As for Apatow, Trainwreck doesn't quite reach the tragedy of Funny People, a movie that could have been truly brilliant if it were perhaps an hour shorter, but we are still preview to drawn-out sequences of improvisation, actors standing on screen a minute longer than they really should be. A marginally-funny scene involving LeBron creating an intervention for a heartbroken Aaron also includes Chris Evert, Matthew Broderick and Marv Albert. The scene is slightly over ten minutes long and it should have been zero minutes. His obsession with celebrity cameo has taken away from his strengths, and his inability to properly cut his own films does even worse: it waters down the jokes. What should be a well-landing punchline is just one in a slew of horse-carted jokes shoved into a single scene. Trainwreck does have a refreshing feel compared to his last few films. It's not obsessed with twenty-first century white slacker male. It's not tied to the chains of Paul Rudd and Seth Rogen, and it isn't just a video yearbook involving his wife and kids. But I wonder if a smaller director wouldn't have been a better choice, someone who's idea would be to take Schumer's script and turn it inward instead of outward. I almost wonder is Schumer herself wouldn't have been a better directing choice. At least she would've better understood that the film doesn't need much more than her humor.

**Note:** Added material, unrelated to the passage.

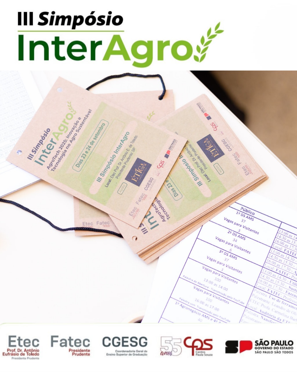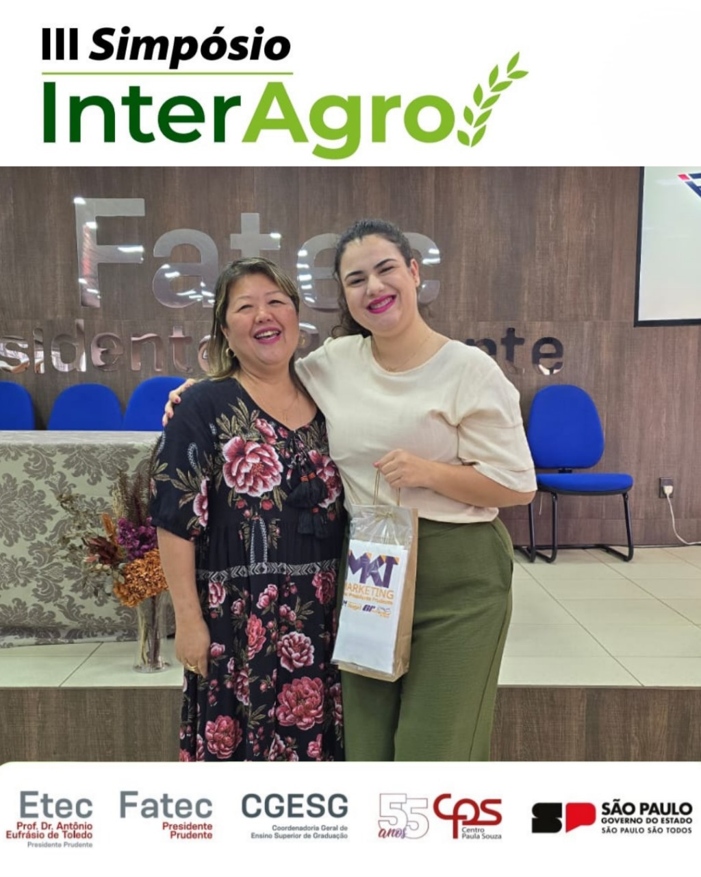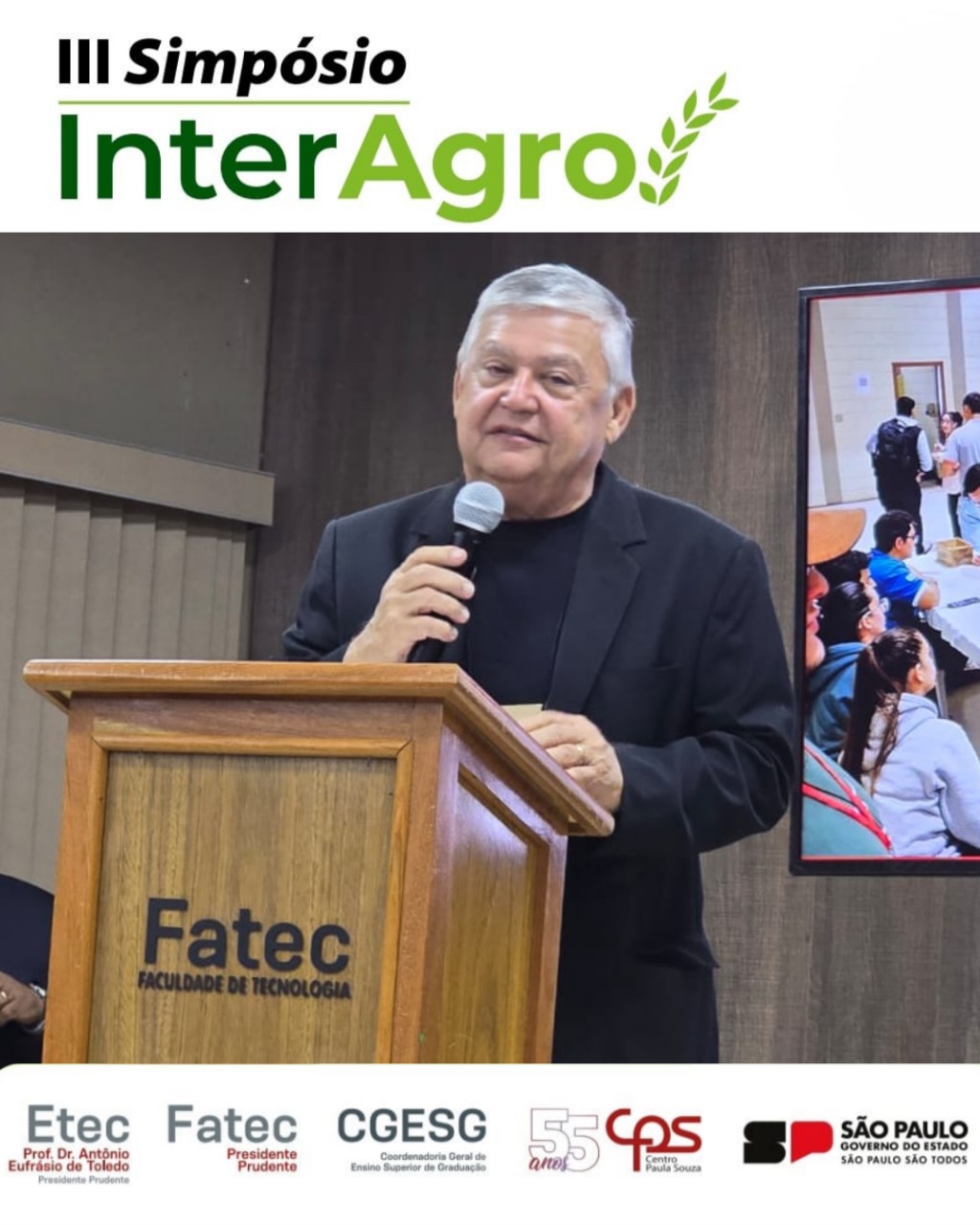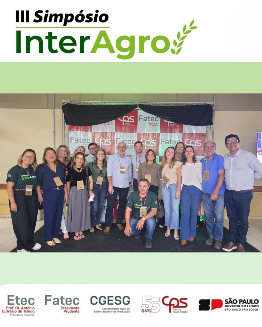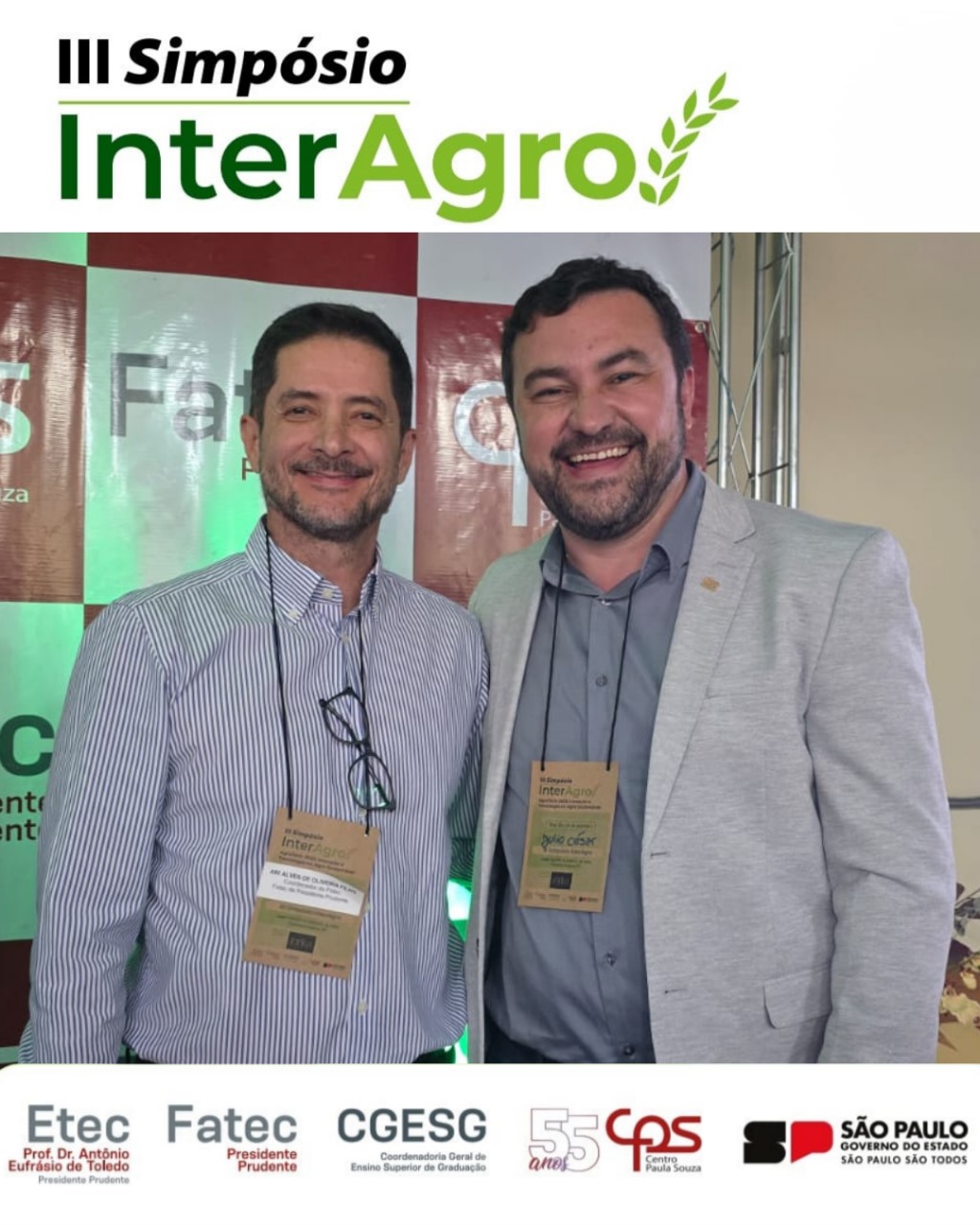 A Fatec Prudente e a Escola Técnica Estadual (Etec) Prof. Dr. Antônio Eufrásio de Toledo, em Presidente Prudente, sediaram nesta terça e quarta-feira (23 e 24) a terceira edição do Simpósio InterAgro. O evento contou com a importante presença do diretor-superintendente do Centro Paula Souza (CPS), Clóvis Dias, além de coordenadores de diversas Fatecs e Etecs.

As a comedy, Trainwreck works well enough. It will make you laugh, and if that's all you're coming for, it's hard to have a better time. It's what Apatow is best at, manufacturing riff contests between performers and playing their greatest hits. I think he may have forgotten all the other aspects that make up being a filmmaker; that, or he doesn't care. Schumer's screen presence is all but confirmed, and the best thing you can take away from here is that she can be very good in what is hopefully better films in the future. Why Trainwreck decided that it was going to be the film that kickstarted LeBron James acting career will probably be on of 2015's greatest cinematic mysteries. (**Full disclosure: I'm a die hard Miami Heat fan still embittered by LeBron's abandonment. I'd be remiss if I didn't at least admit that seeing him make jokes about it in Trainwreck left me a bit nonplussed.**) Apatow has taught us how hard it can be to make a great comedy. He made one in The 40-Year-Old Virgin, a film that is so perfectly calibrated around diverse comedic performances. The ensemble work there is unmatched by any of the other Apatow films. His victorian ideals about what dick-and-fart-joke movies should be have left him in a place where he needs to do some soul-searching. It's a shame that he let that interfere with what should have been a phenomenal opportunity with one of biggest comedians working today.